▸ **Source material**:
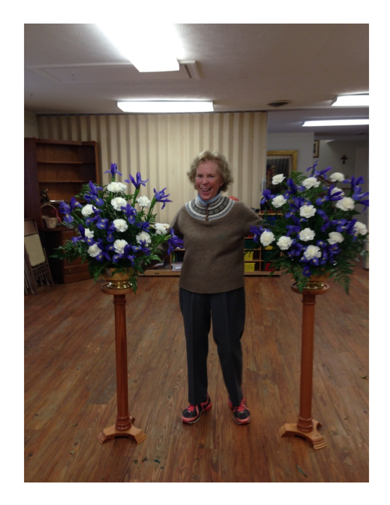
Carry vases and altar stands to each side of the altar, and then add additional water. Walk to back of church to view arrangements.
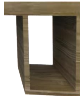
Figure 10 rack is used to put food or drink

Meanwhile, in partition selection on Figure 11 , there are additional of shelves so that users can put decorations so that the working atmosphere is more lively and not too monotonous.
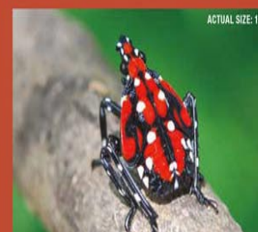
Nymph (late stage) can be found July-September
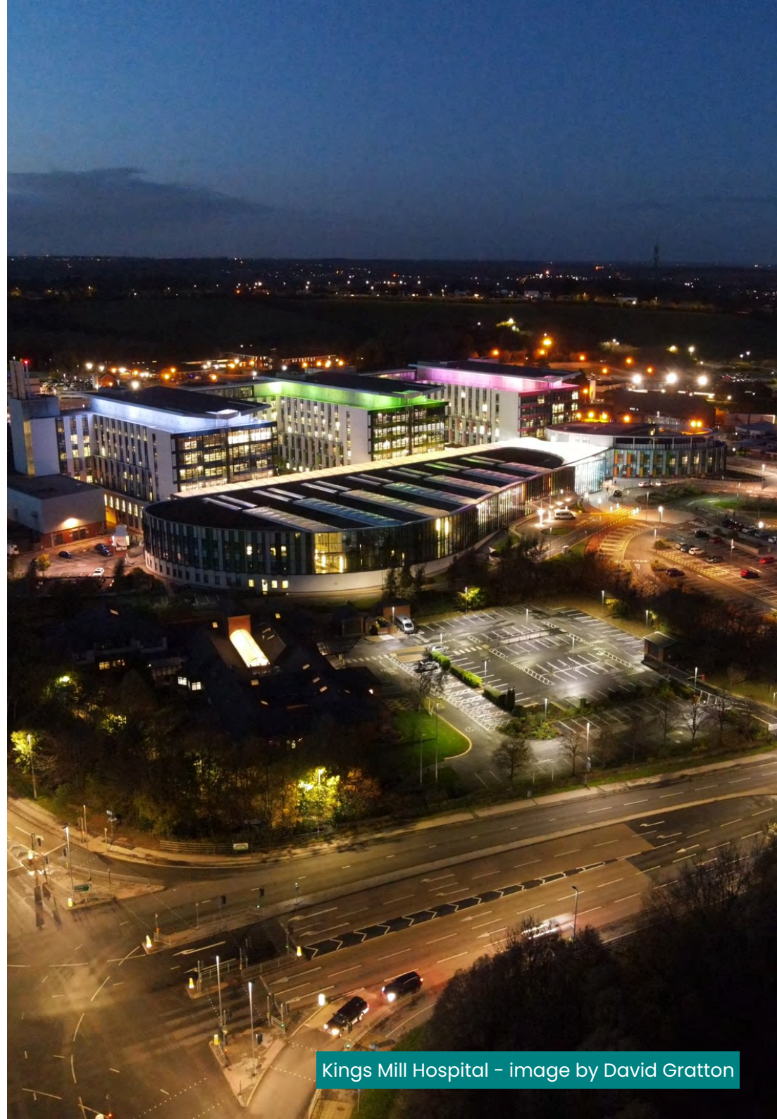
Kings Mill Hospital

The Corporate Plan also aligns with relevant partnership strategies, providing a structured and consolidated approach to successful delivery.
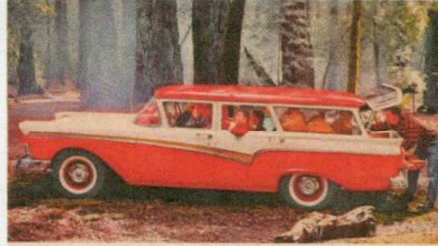
There's no wagon like a Ford wagon
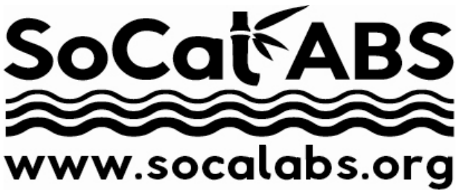
Figure 47 New logo with website
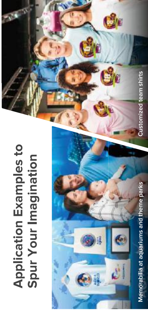
Memorabilia at aquariums and theme parks
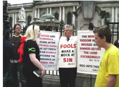
Free Presbyterians protesting against sodomite parade in Belfast

On Saturday, August 4th, a parade glorying in the wickedness of sodomy took place in Belfast. It was the "Gay Pride" parade. One of those taking part carried a poster which was so offensive to Christians that I hesitate to give its wording. What made the matter even more offensive is the fact that such an event is funded by the DUP-led coalition and administered directly by the departments held by Dr Paisley and another Christian, Edwin Poots.
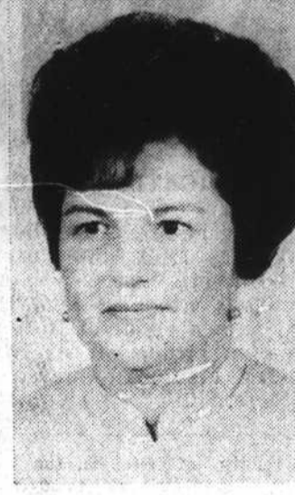
FOR BOARD OF EDUCATION —The three Republicans in the running for the Board of Education nominations are pictured above. At
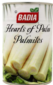
HEARTS OF PALM CAN - 00449 12/14 OZ

▸ **Problem requirements**:
Among the records, find every line holding the word "more" and copy it.

▸ **Response area**:
Meanwhile, in partition selection on Figure 11 , there are additional of shelves so that users can put decorations so that the working atmosphere is more lively and not too monotonous.
On Saturday, August 4th, a parade glorying in the wickedness of sodomy took place in Belfast. It was the "Gay Pride" parade. One of those taking part carried a poster which was so offensive to Christians that I hesitate to give its wording. What made the matter even more offensive is the fact that such an event is funded by the DUP-led coalition and administered directly by the departments held by Dr Paisley and another Christian, Edwin Poots.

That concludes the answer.